La quarta sessione tratta il tema del rispondere piuttosto che reagire allo stress e si può sintetizzare così: quando qualcosa ci fa paura o ci stressa tendiamo a comportarci in tre modi:
1) combatterla
2) sfuggirle
3) restare immobili (sperando che ci ignori)
Ma in nessuno dei tre modi la fonte dello stress sparisce. Il mindful parenting suggerisce quindi una quarta via, che è quella di “danzare” col problema: disinnescando lo stress grazie a un altro istinto della nostra specie, quello del prendersi cura. Danzare con ciò che ci rende iper reattivi vuol dire avvicinare la fonte dello stress, guardarla e restarle accanto, finché con ogni probabilità non ci dirà qualcosa di inatteso.

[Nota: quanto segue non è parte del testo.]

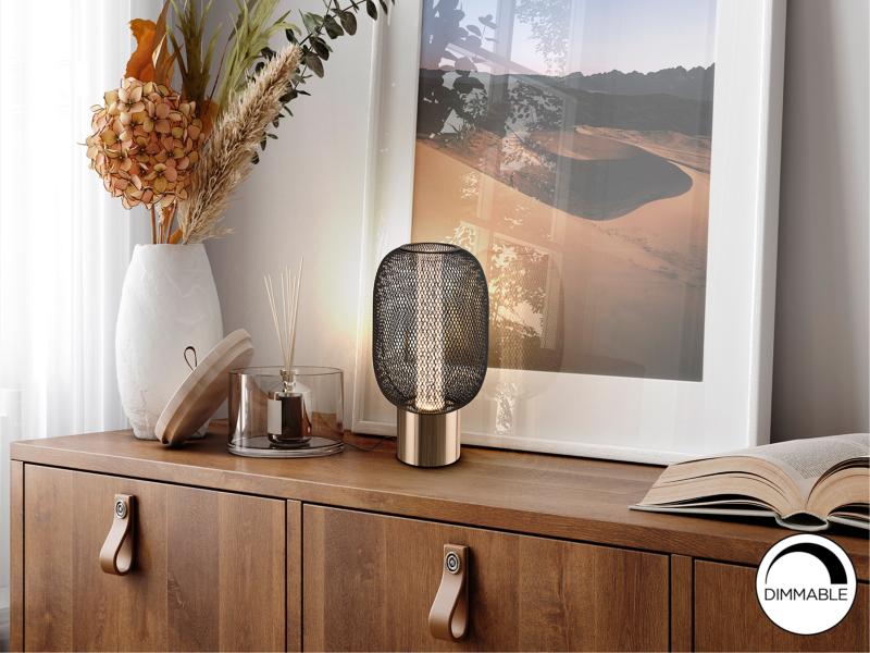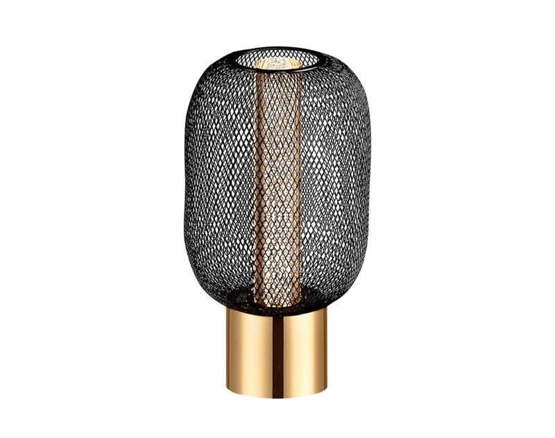 MICRON-SOBREMESA ORO/NEGRO - SCHULLERLámpara de sobremesa de 1 luz realizada en metal acabado oro brillo y negro. Doble tulipa con cilindro interior de acrílico transparente con burbujas y óvalo exterior de malla metálica negra. 5W LED, 450 lm, 3.000 K. Material/Tonalidad - Materiales: Metal, acrílico./Metal, acryli - Acabado: Oro-negro, transparente./Gold- Iluminación - Potencia Eléctrica: 5W - Lúmenes: 450 - Tonalidad de la luz: 3000 K - Tensión: 220/240 V - Frecuencia: 50/60 Hz - Vida Media: 50000 Horas - CRI: 80 Medidas - Articulo: Diámetro 13 cms / Alto 24 cms - Peso: 0,78 Kg - Pantalla/Tulipa: Diámetro 12 cms / Alto 18 cms Otros Datos de Interés - IP: IP 20 - Código EAN: 8435435339227.0 - Colección: Micrón
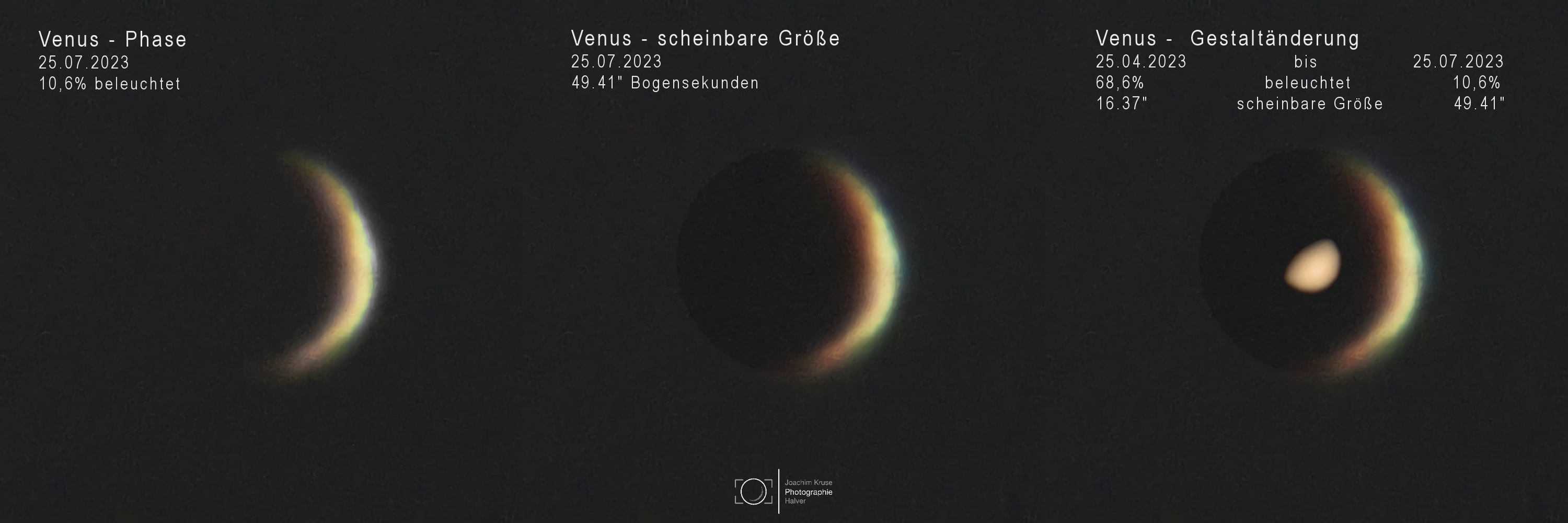 Es ist schon beachtlich, welchen Gestaltenwandel der Venus wir auf ihrer Reise um die Sonnenbahn auf unserer Erde beobachten können. Meines Erachtens sind es die größten visuellen Veränderungen, die sich schon mit relativ kleinen optischen Geräten in der Astrofotografie darstellen lassen. Neben der Phasengestalt, die wir natürlich beim Erdmond in einem wesentlich kürzerem Zyklus beobachten können, ist es vor allem auch die Größenänderung, die bei der Annäherung zur Erde beindruckt. In einem Vierteljahr Beobachtungszeit von der östlichen Elongation bis nahe zur unteren Konjunktion wuchs die scheinbare Größe des Planetenscheibchens um das Dreifache. Bis zum erreichen der maximalen Erdnähe am 13. August wird der visuelle Eindruck noch imposanter sein, aber die Beobachtung erschwert nun nicht nur der nahe Sonnenstand, sondern vor allem die in diesem Sommer vorherrschend launige Westwindwetterlage.
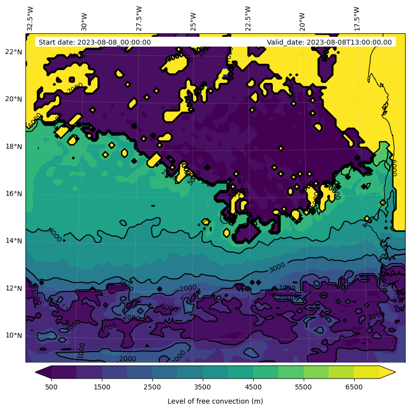 - Level of free convection (m)
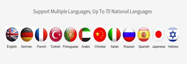Русский, английский, испанский, итальянский, французский, немецкий, китайский, эстонский, польский, филиппинский, финский, корейский, голландский, хорватский, латышский, литовский, румынский, норвежский, португальский, японский, шведский, тайский, турецкий, украинский, венгерский...
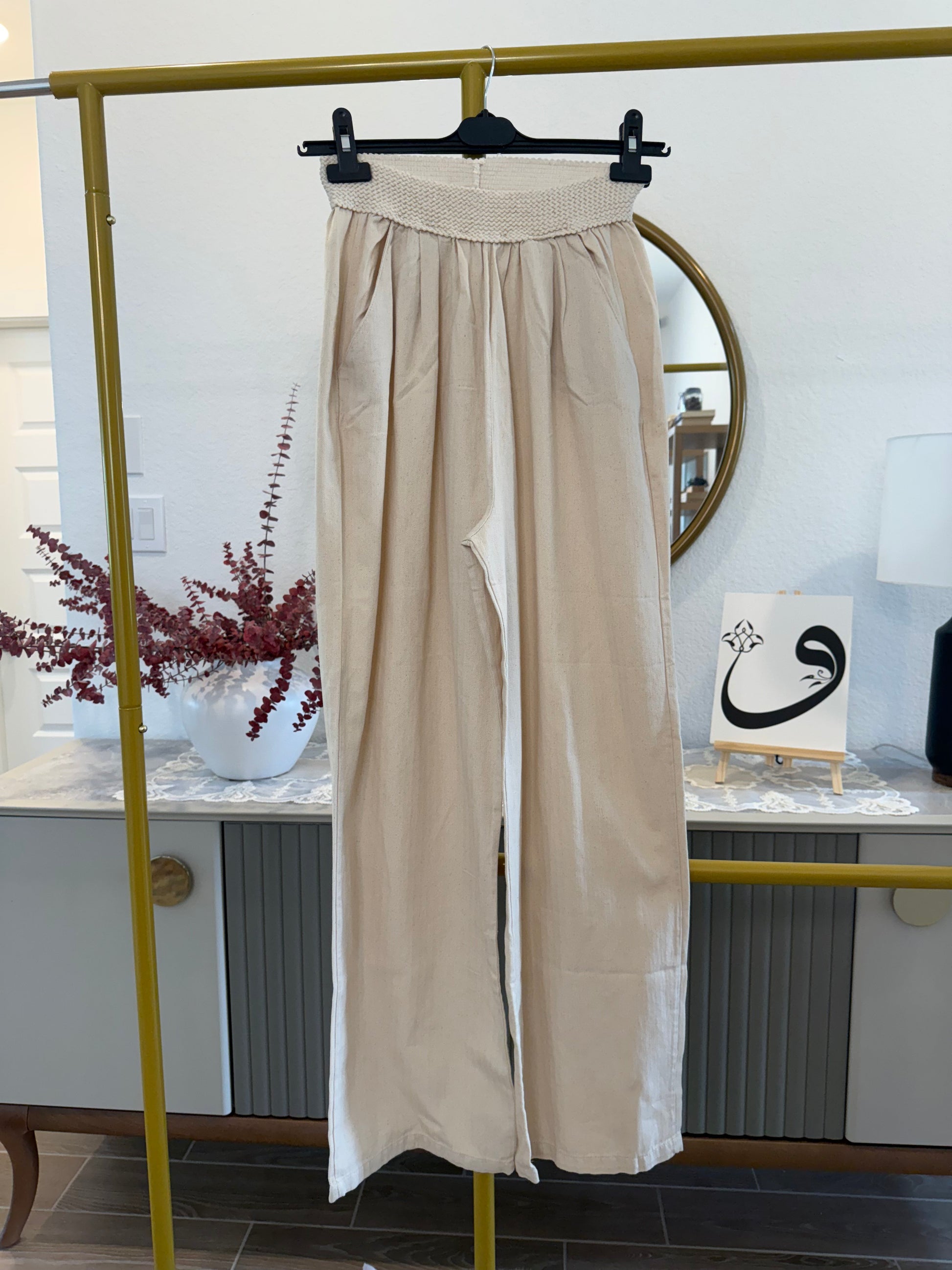 Beige Wide-Leg Pants with Smocked Waist
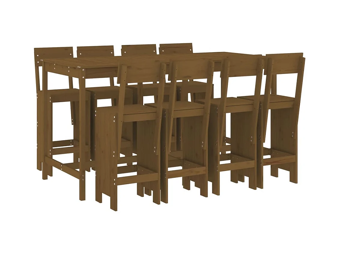 Henri-Gabriel Ensemble de bar de jardin 9 pcs marron miel bois de pin massif
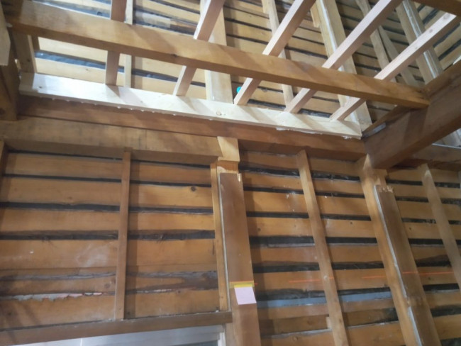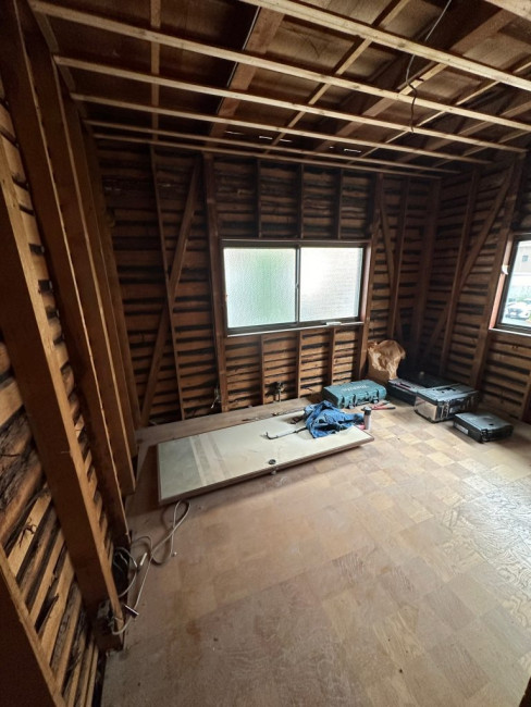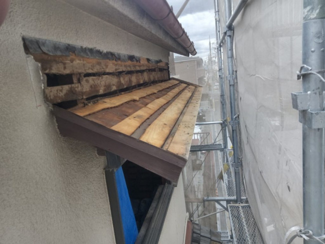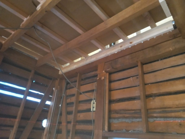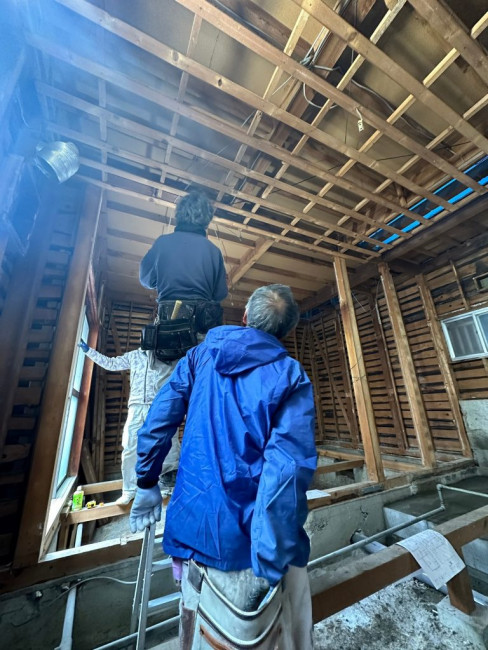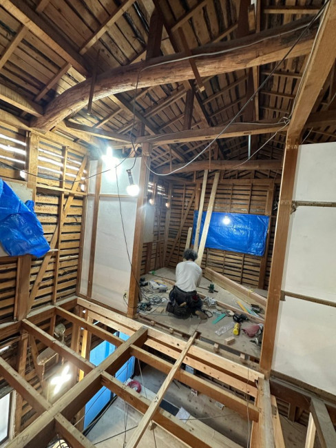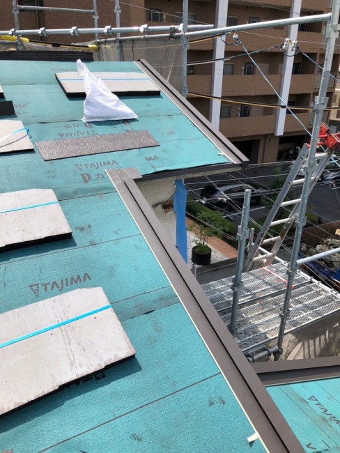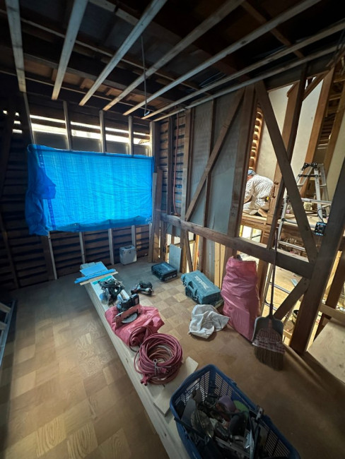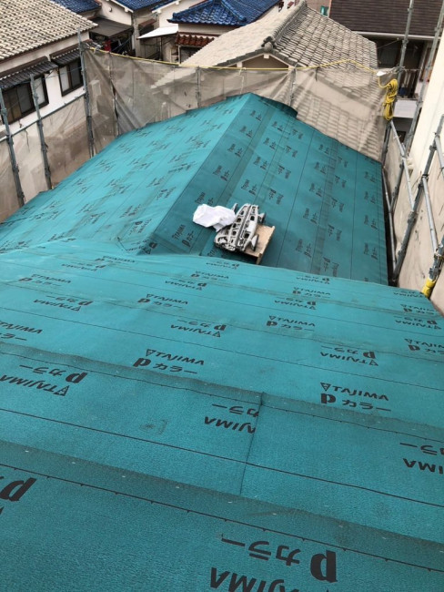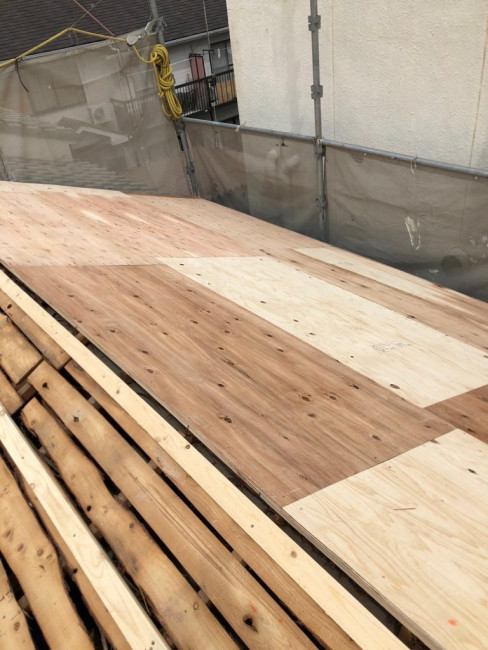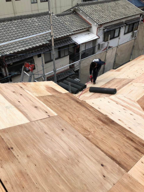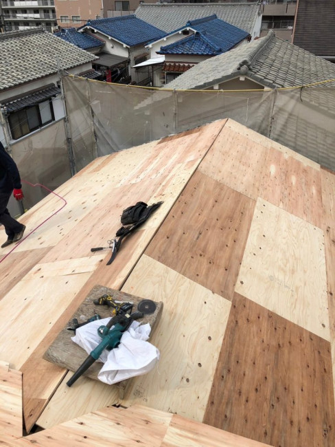 瓦をおろした屋根に改めてしっかりと屋根の下地が組まれました。
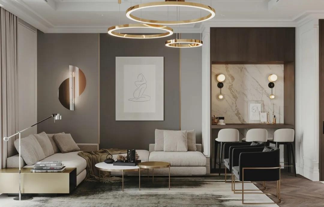 黄铜装饰点缀了空间,为简约的空间注入轻奢的气息,避免了空间的单调。
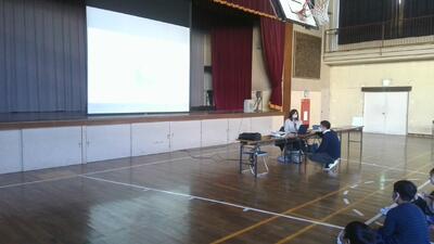 また、5校時には、本校出身の四国水族館の職員の方にも、オンラインで仕事についてのお話を伺うことができました。子ども達は、画面に集中して聞いていました。
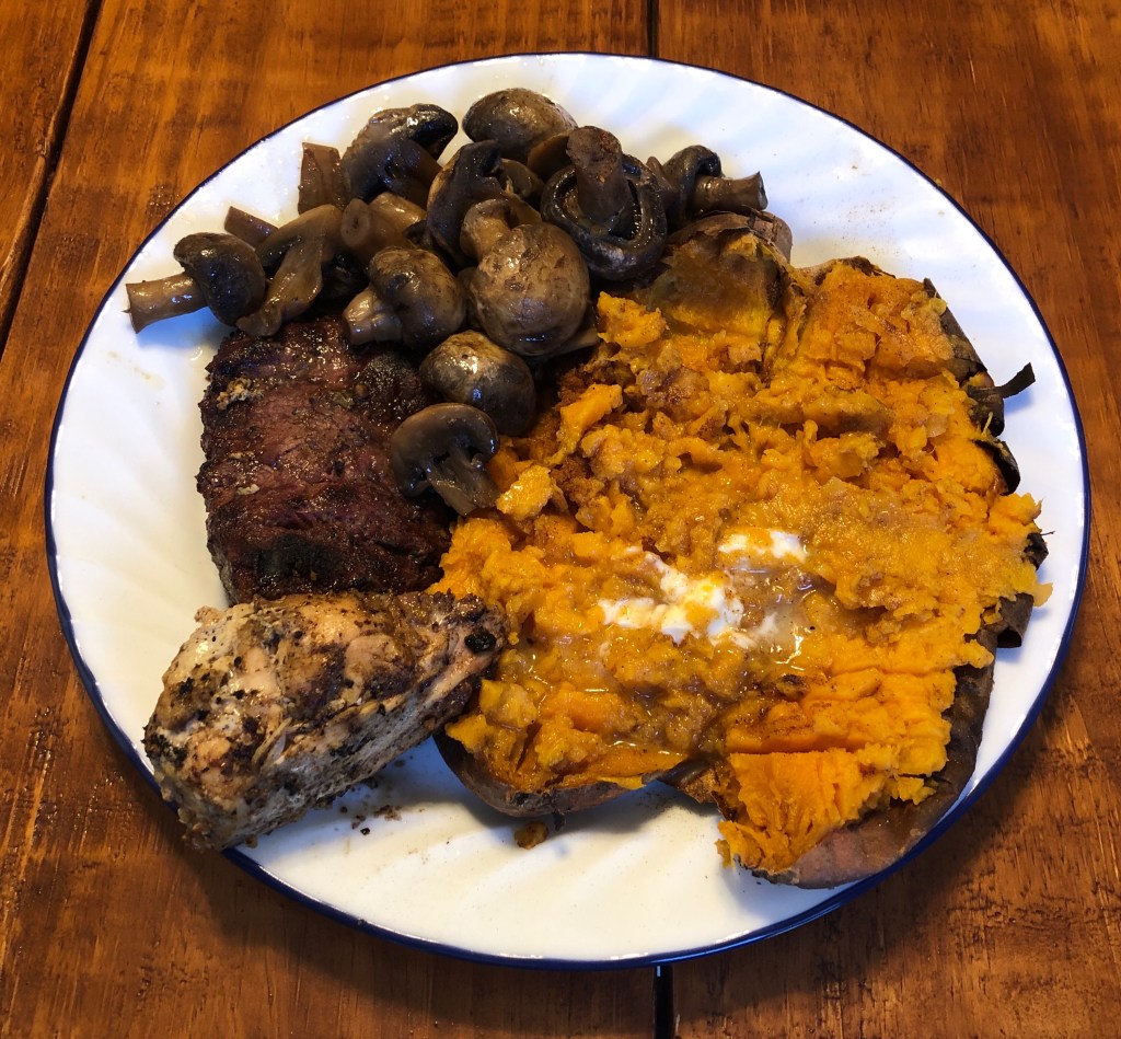 Sweet potato 🍠 in the air fryer with cinnamon sugar and 🧈 butter along with mushrooms 🍄 sautéed in Worcestershire Sauce and butter again.

La quinta sessione va al cuore di qualcosa a cui di rado pensiamo: il fatto che si diventa genitori senza smettere di portarsi dentro l’essere figli. Questo fa sì che la nostra modalità genitoriale venga resa più complessa dalla presenza di schemi che provengono dalla nostra esperienza filiale. I quattro modelli principali interiorizzati sono:
il genitore esigente; il genitore punitivo; il bambino vulnerabile;
il bambino arrabbiato; e tante sfumature che li mettono insieme, che emergono soprattutto quando un comportamento o una situazione in cui siamo coinvolti come genitori tocca il grilletto di qualcosa che ci ha ferito come figli ed è ancora dentro di noi.
Nelle ultime sessioni si parla del conflitto e della riparazione, dell’amore e dei limiti. Il punto di partenza e il punto di arrivo sono ancora quelli: il primo bambino di cui essere consapevoli, per averne cura e trattarlo con gentilezza, è quello che ogni genitore porta dentro di sé.
“In noi vivono, senza inizio né fine, tutte le età della nostra vita, tutte le voci che aspettano risposta. Fare da genitori a noi stessi significa dare – a queste voci – ascolto. E molte volte l’ascolto è tutto ciò di cui abbiamo bisogno per andare avanti”, dice la psicoterapeuta bioenergetica Nicoletta Cinotti, che per prima sta portando in Italia questa esperienza.
Non esiste il genitore perfetto, né il genitore “buono” o cattivo. Esiste un’esperienza universale di vita così forte da spingerci a generare e prenderci cura di altri esseri viventi, ed esiste una sofferenza universale che ci riguarda tutti di fronte alle sfide che l’amore e le relazioni ci pongono ogni giorno.
Ma siamo attrezzati, naturalmente. Anche se pensiamo di non avere tempo per essere consapevoli: “praticare pausa non è un fatto di tempo, ma di presenza” (Gregory Kramer).